= Beginning of Section =

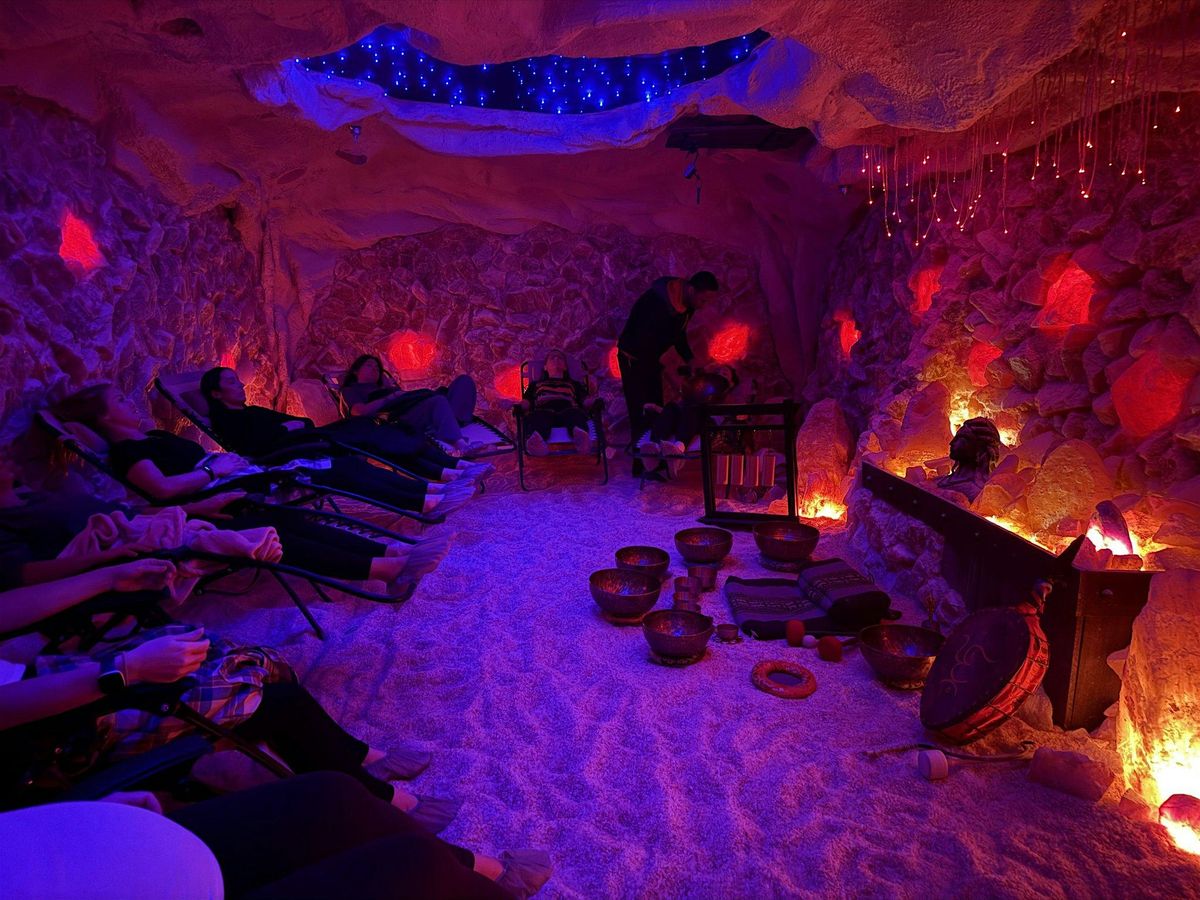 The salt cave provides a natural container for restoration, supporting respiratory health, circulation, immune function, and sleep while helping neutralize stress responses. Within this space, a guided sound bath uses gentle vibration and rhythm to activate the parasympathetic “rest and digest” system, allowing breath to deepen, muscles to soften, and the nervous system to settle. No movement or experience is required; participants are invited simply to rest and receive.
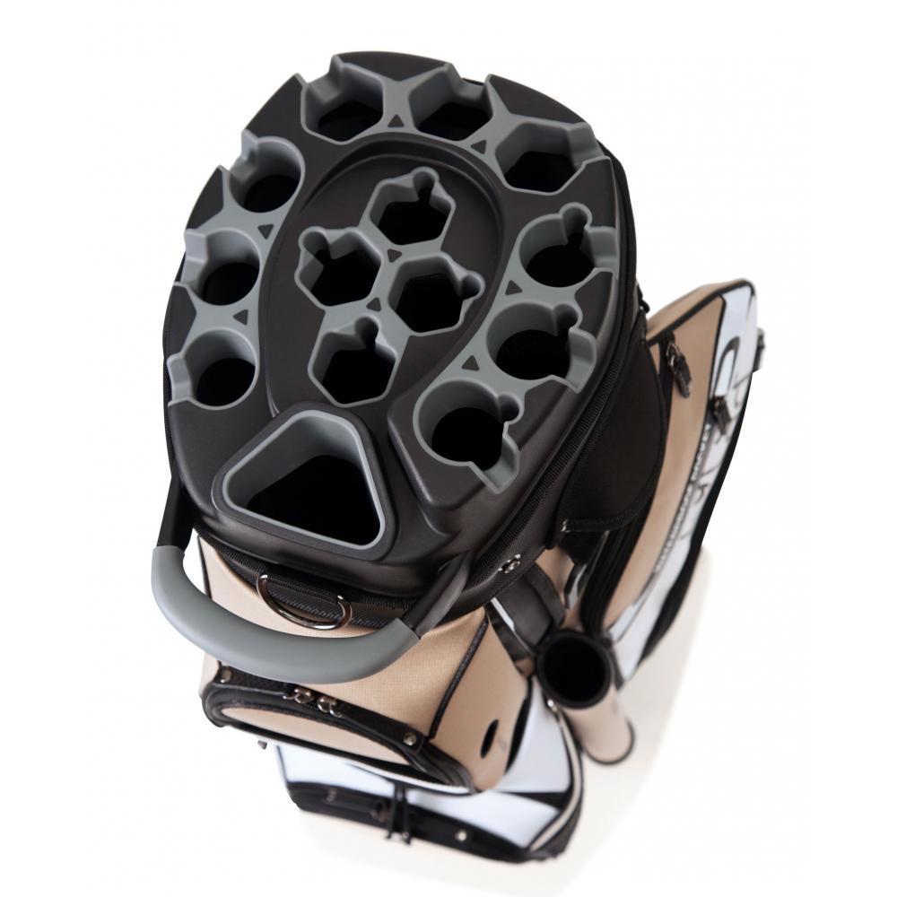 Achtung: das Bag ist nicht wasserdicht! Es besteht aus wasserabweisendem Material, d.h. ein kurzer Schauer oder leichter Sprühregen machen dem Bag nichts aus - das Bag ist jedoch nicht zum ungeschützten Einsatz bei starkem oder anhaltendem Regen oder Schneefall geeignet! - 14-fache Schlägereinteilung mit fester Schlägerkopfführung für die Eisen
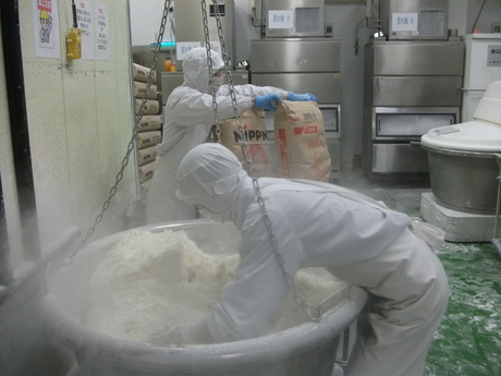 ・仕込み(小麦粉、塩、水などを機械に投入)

= End of Section =
= Beginning of Section =

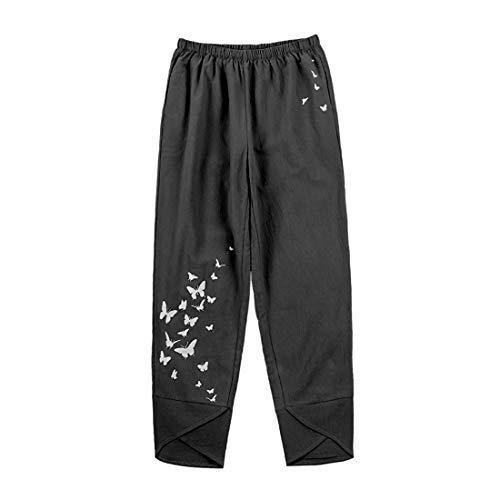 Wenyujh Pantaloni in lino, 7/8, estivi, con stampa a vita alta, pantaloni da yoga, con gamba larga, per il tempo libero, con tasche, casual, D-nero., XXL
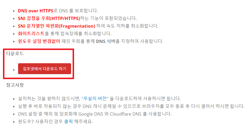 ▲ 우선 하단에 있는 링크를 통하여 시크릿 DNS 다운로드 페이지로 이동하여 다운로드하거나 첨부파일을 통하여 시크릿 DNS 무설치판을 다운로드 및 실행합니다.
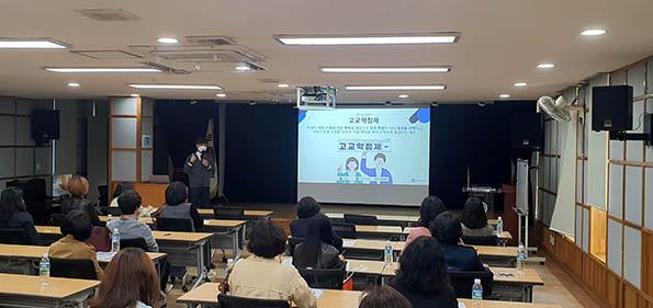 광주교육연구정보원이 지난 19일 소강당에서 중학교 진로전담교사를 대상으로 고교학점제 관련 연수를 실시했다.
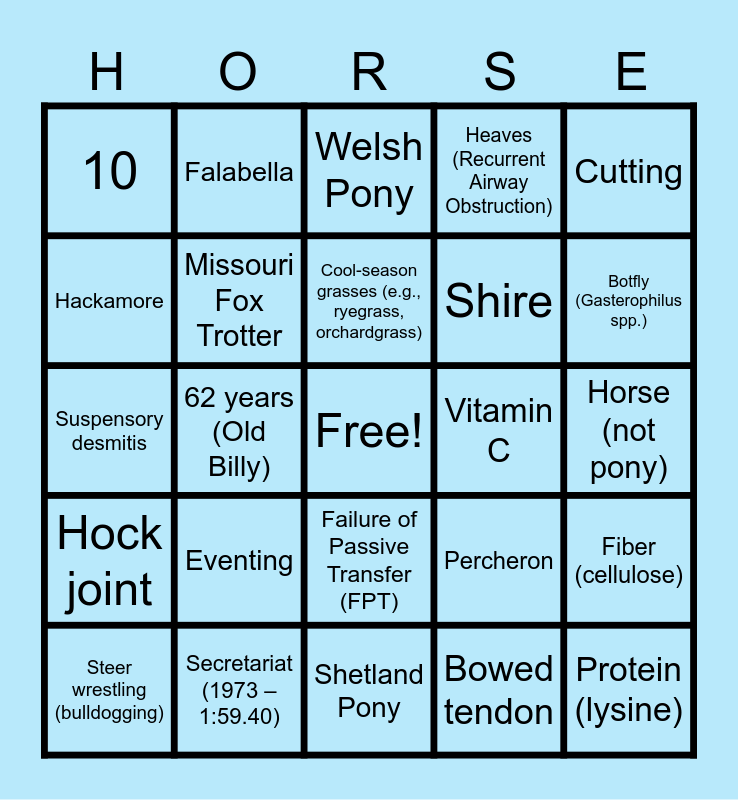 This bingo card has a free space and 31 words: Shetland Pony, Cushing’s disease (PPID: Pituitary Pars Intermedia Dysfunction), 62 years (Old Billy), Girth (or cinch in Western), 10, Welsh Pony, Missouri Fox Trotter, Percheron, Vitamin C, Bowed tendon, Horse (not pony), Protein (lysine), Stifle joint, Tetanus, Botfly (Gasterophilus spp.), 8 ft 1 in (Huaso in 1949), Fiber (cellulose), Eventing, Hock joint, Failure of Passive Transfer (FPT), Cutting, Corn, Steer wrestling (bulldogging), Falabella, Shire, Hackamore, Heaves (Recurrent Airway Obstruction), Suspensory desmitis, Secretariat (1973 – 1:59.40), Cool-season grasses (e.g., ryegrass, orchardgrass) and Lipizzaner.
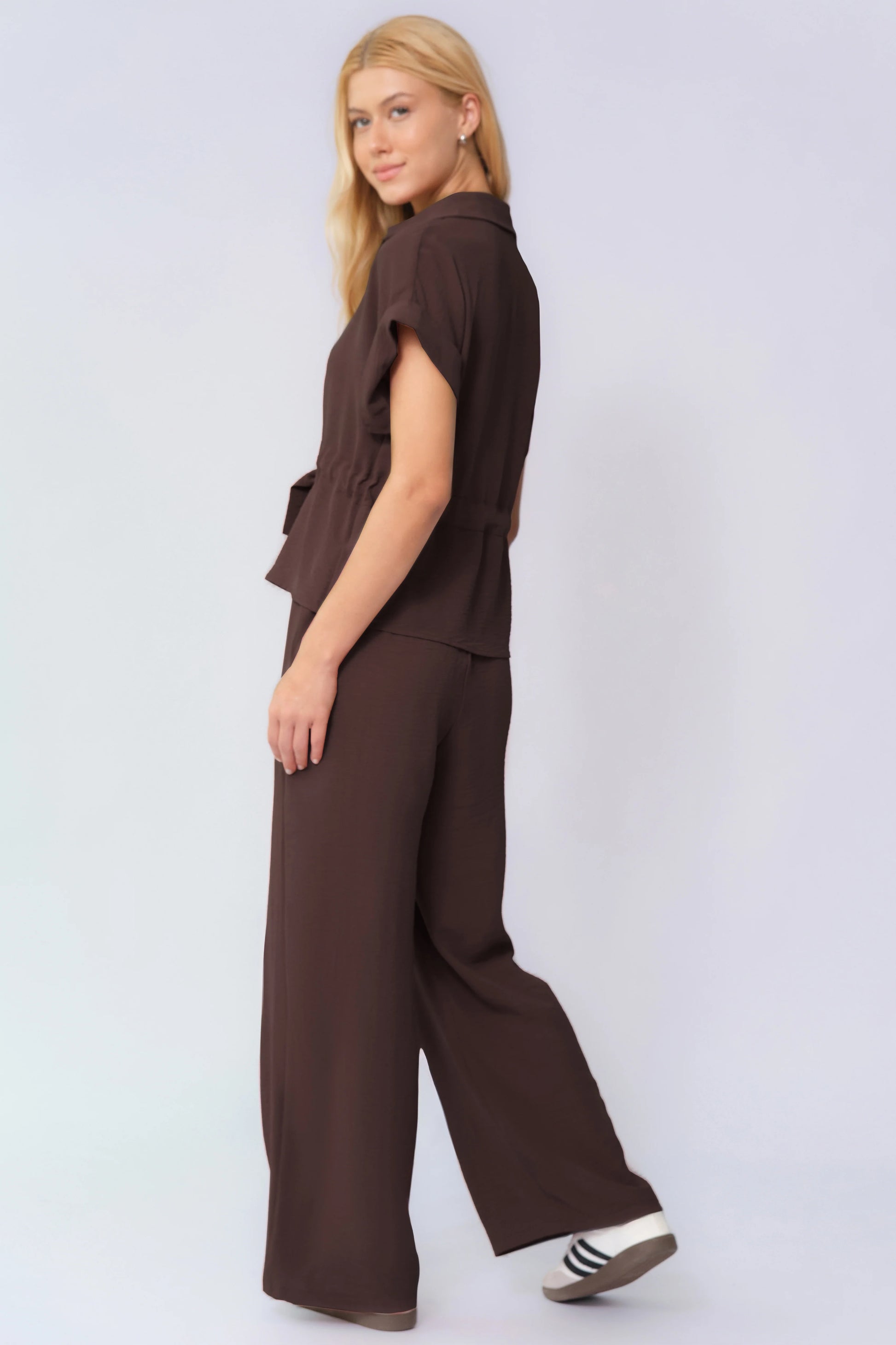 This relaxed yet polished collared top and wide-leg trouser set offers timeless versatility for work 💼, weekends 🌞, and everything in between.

= End of Section =
= Beginning of Section =

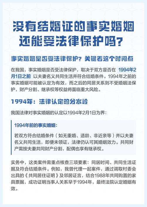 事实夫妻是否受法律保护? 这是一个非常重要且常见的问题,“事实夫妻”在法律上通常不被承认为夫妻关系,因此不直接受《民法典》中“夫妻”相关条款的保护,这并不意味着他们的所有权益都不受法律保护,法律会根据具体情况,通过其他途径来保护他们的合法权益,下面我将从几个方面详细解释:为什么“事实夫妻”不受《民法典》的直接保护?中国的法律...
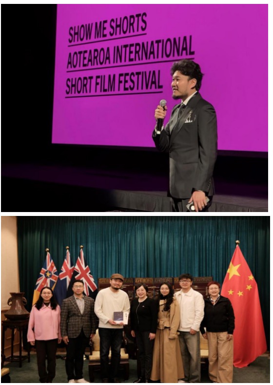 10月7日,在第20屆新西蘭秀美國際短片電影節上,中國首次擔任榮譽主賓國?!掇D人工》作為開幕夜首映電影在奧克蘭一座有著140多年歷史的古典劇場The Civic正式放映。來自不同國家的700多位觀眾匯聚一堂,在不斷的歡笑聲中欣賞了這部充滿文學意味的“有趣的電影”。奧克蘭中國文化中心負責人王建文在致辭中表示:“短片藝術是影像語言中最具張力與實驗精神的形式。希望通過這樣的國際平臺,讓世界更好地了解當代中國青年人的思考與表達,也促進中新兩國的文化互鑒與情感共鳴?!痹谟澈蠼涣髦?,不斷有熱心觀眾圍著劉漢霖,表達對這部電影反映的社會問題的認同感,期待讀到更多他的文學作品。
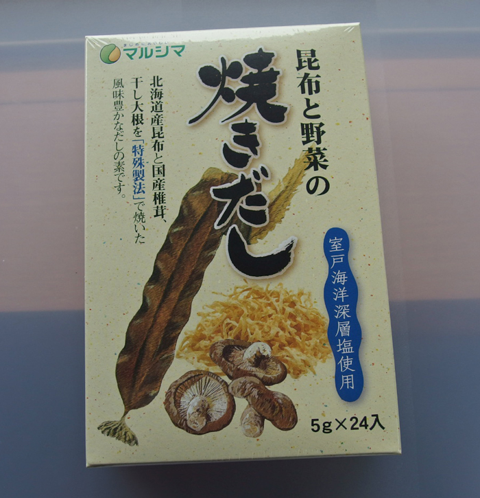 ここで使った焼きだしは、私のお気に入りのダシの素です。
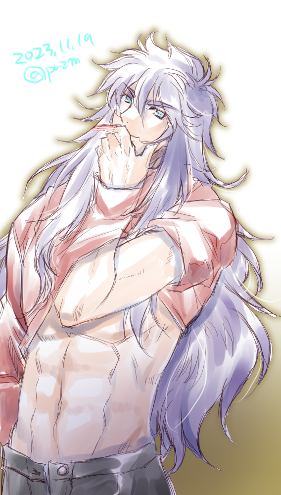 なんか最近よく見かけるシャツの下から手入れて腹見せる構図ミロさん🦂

= End of Section =

▶ YOUR GOAL
The reply should hold the entries above from the line with "事实夫妻是否受法律保护? 这" to the line with "なんか最近よく見かけるシャツの下から手入れて腹見せる構図ミロさん🦂", duplicated exactly, pictures excluded.

▶ SOLUTION TO THE EXERCISE
 事实夫妻是否受法律保护? 这是一个非常重要且常见的问题,“事实夫妻”在法律上通常不被承认为夫妻关系,因此不直接受《民法典》中“夫妻”相关条款的保护,这并不意味着他们的所有权益都不受法律保护,法律会根据具体情况,通过其他途径来保护他们的合法权益,下面我将从几个方面详细解释:为什么“事实夫妻”不受《民法典》的直接保护?中国的法律...
 10月7日,在第20屆新西蘭秀美國際短片電影節上,中國首次擔任榮譽主賓國?!掇D人工》作為開幕夜首映電影在奧克蘭一座有著140多年歷史的古典劇場The Civic正式放映。來自不同國家的700多位觀眾匯聚一堂,在不斷的歡笑聲中欣賞了這部充滿文學意味的“有趣的電影”。奧克蘭中國文化中心負責人王建文在致辭中表示:“短片藝術是影像語言中最具張力與實驗精神的形式。希望通過這樣的國際平臺,讓世界更好地了解當代中國青年人的思考與表達,也促進中新兩國的文化互鑒與情感共鳴?!痹谟澈蠼涣髦?,不斷有熱心觀眾圍著劉漢霖,表達對這部電影反映的社會問題的認同感,期待讀到更多他的文學作品。
 ここで使った焼きだしは、私のお気に入りのダシの素です。
 なんか最近よく見かけるシャツの下から手入れて腹見せる構図ミロさん🦂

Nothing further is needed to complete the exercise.